Doktorlara göre, çoğu doktor değil ama asıl önemli isimler yani dışarıda muayenehanede daha fazla kazananlar hastanelerden kaçacak. Yani ekip başı gittiğinden, sayısal olarak çoğunluk devleti seçse bile kaybeden devlet hastanelerinin kalitesi olacak.
Doktorları dinledikçe çok haklı noktalar buluyorum. Aylar önce kafalarında ya devlet ya muayenehane değil de özel hastane diyerek üçüncü yolu bulanlar vardı. Ama Sağlık Bakanlığı'nın devletten özele kaçışı çeşitli baskılarla engellemeye başladığını iddia ediyorlardı.
Madalyonun öbür yanına bakınca, uzun süredir sokaktaki vatandaşta AKP denilince ilk övülen sağlıkta getirdiği kolaylıklar oluyor.
Yani başlı başına Recep Akdağ'ın icraatları ve attığı adımlar, AKP'yi oy deposu haline getiriyor. Benim de gözlemim, AKP'nin gerek eczanelerdeki ilaç uygulamalarıyla gerekse hastanelerdeki muayenehanelere bağlı çalışan doktorları daha fazla işin içine sokmasıyla, çok doğru yaptığı şeklinde.
Tabii, sonuç gelip popülizm tartışmasında kilitleniyor.
AKP sağlıkta doktorların hoşuna gitmemesi pahasına vatandaşın hoşuna gidecek popülist işler yapıyor. Ve kazanan taraf oluyor.
Ancak karşı cephe, popülizmin sonunda sistemin kalitesini düşüreceğini, Türkiye'deki hastanelerin Afrika'daki hastanelere döneceğini savunuyor. Çok da haksız değiller.
Ama aynı Recep Akdağ, biraz da AB'ye ve dünya sağlık standartlarına uyum çerçevesinde anti-popülist bir adım da atıyor.
Düşünsenize, yüzde 90'ının kapalı ortamlarda sigara içtiği ülkede, hem de tütünün en çok tüketildiği ticari mekanlar (bar-kahvehane-lokanta) dahil olmak üzere sigara yasağını başlatıyor.

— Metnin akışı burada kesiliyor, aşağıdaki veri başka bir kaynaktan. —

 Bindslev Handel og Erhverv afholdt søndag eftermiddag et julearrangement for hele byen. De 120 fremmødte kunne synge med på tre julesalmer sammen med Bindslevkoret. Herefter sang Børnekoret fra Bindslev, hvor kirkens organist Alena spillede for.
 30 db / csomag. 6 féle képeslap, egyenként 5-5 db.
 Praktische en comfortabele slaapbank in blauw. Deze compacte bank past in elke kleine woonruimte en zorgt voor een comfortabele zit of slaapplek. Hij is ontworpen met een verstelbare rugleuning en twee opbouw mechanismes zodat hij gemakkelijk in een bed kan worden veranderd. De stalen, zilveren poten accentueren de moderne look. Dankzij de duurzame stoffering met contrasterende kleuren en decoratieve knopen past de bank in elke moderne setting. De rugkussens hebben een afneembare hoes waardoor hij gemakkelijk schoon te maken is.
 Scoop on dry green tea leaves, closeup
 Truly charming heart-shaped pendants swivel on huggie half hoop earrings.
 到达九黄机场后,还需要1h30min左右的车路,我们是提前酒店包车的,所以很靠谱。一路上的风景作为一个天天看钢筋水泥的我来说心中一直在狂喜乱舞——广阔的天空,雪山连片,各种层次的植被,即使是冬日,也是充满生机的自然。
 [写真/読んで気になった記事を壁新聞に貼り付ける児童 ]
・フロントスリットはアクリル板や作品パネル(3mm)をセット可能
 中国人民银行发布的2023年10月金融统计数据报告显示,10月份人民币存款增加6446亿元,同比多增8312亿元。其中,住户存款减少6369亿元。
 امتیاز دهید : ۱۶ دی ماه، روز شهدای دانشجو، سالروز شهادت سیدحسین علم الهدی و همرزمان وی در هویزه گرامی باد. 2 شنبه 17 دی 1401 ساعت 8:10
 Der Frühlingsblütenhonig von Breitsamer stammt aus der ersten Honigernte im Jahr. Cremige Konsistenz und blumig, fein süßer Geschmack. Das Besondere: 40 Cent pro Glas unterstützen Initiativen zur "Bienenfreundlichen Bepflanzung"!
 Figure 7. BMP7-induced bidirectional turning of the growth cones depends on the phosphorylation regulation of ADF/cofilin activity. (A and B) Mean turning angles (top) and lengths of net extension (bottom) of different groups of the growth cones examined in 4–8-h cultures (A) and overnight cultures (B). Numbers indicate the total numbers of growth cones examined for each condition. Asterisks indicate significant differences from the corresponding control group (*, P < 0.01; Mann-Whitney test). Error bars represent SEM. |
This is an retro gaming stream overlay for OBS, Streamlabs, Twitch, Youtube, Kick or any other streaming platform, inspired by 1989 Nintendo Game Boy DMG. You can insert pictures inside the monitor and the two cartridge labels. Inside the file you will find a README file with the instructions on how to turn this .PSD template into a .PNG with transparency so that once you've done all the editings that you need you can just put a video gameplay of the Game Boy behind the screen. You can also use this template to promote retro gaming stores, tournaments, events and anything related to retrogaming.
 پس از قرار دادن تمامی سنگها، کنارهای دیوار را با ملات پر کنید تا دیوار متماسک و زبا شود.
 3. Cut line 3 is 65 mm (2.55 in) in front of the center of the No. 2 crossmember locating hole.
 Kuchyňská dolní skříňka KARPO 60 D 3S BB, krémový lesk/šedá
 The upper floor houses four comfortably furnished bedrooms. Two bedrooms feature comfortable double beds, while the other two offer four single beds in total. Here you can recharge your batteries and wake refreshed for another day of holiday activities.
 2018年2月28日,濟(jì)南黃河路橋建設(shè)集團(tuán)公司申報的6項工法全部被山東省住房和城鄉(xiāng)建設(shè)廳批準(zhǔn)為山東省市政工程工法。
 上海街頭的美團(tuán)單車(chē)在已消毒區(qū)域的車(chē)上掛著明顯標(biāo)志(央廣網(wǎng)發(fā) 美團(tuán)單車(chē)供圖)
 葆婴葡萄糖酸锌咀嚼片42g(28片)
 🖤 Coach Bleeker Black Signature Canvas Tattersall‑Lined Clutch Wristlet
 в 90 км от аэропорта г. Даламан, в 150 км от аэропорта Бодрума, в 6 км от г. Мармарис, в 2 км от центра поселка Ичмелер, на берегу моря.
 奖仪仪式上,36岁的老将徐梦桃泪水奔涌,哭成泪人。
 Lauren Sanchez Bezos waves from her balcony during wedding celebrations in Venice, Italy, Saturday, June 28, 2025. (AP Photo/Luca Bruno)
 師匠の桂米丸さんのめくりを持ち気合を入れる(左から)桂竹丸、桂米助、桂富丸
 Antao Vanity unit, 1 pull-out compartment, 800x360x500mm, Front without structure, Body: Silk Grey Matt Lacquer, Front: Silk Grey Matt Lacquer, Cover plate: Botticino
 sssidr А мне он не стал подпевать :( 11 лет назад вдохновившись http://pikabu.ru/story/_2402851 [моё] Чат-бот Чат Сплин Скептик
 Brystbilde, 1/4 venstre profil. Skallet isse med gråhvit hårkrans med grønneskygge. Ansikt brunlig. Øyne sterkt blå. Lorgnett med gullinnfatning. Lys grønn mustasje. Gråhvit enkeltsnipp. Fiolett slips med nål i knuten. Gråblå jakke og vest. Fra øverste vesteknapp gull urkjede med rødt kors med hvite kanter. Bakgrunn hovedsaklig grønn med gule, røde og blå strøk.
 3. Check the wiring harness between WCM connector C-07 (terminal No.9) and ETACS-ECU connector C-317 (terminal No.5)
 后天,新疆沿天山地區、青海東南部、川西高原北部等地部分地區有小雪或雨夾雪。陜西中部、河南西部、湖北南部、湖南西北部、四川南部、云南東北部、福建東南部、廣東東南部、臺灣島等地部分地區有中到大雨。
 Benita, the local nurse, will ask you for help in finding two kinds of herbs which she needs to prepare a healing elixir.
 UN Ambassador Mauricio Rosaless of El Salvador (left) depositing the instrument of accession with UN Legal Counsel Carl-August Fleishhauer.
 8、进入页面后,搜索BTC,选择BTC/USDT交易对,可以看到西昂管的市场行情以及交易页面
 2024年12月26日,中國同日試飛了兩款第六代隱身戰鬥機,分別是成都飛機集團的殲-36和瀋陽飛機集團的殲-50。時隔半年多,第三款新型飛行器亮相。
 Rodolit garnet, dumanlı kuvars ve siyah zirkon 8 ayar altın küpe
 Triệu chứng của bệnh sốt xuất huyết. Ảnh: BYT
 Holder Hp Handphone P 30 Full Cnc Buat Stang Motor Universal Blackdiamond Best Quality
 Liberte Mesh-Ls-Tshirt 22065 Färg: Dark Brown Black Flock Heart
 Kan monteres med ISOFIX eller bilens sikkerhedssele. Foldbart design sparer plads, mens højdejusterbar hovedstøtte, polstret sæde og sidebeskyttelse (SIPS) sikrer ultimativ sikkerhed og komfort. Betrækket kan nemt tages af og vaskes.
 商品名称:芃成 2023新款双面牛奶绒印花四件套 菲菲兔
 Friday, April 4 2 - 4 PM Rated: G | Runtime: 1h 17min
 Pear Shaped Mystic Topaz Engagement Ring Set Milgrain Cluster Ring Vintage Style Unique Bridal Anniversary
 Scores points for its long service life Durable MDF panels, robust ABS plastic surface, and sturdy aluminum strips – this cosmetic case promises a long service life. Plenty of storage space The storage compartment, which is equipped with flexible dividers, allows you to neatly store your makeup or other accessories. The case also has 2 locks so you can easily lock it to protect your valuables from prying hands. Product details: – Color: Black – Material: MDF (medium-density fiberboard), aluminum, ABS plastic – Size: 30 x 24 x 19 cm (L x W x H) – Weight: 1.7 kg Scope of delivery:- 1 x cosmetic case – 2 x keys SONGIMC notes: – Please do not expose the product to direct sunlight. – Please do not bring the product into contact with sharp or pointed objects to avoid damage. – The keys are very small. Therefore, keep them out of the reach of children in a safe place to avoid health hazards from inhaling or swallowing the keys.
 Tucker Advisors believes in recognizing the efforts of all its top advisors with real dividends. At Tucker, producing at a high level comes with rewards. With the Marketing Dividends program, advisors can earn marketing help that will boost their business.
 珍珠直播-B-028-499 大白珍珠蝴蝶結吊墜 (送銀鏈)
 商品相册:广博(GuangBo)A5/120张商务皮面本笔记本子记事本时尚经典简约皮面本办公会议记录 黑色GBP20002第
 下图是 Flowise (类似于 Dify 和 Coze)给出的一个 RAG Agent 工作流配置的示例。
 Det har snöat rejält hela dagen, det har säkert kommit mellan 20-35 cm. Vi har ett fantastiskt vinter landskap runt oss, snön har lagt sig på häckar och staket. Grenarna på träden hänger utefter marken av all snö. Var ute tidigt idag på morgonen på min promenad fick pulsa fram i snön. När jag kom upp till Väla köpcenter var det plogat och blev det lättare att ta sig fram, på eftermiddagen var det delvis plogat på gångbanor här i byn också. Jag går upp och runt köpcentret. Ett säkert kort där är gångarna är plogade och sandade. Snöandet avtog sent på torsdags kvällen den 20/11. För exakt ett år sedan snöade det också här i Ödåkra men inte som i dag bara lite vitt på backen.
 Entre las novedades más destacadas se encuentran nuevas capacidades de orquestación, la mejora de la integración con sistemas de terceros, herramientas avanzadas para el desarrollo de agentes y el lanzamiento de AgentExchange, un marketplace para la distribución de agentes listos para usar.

Birkaç hafta öncesine kadar bile sokaktaki vatandaşın sigara yasağıyla ilgili düşüncesi şöyleydi:
Temmuz memmuz diyorlar ama yok abi, hayatta başlamaz. Ertelenir. Türkiye'de olmaz bu işler!
Ama gelinen noktada görüyoruz ki, Akdağ 19 Temmuz'da sigarayasağını başlatıyor. Çok yerinde ve doğru bir karar. Çünkü neredeyse camiler hariç tüm kapalı mekânlarında sigara içilebilen bir Türkiye görüntüsü çağdaş dünyaya ters düşüyor. Daha da önemlisi içmeyenlerin sağlık hakkı ihlal edilmiş oluyor.
Tabii, en önemlisi ise yasağın sigara içenlerin de daha az içmeleri ve dolayısıyla sigara ile oluşan hastalıklara daha az yakalanmalarını sağlayacak olması....
Kısacası, tam gün ve sigara yasağıyla gündeme gelen Sağlık Bakanlığı'nın popülizmi de anti-popülizmi de halk sağlığı gerekçesiyle uygulamaya koyduğunu görüyoruz.
Tam günde kalite kaygılarım sürerken, sigara yasağında Recep Akdağ'ın kararlılığını alkışlamamak mümkün değil!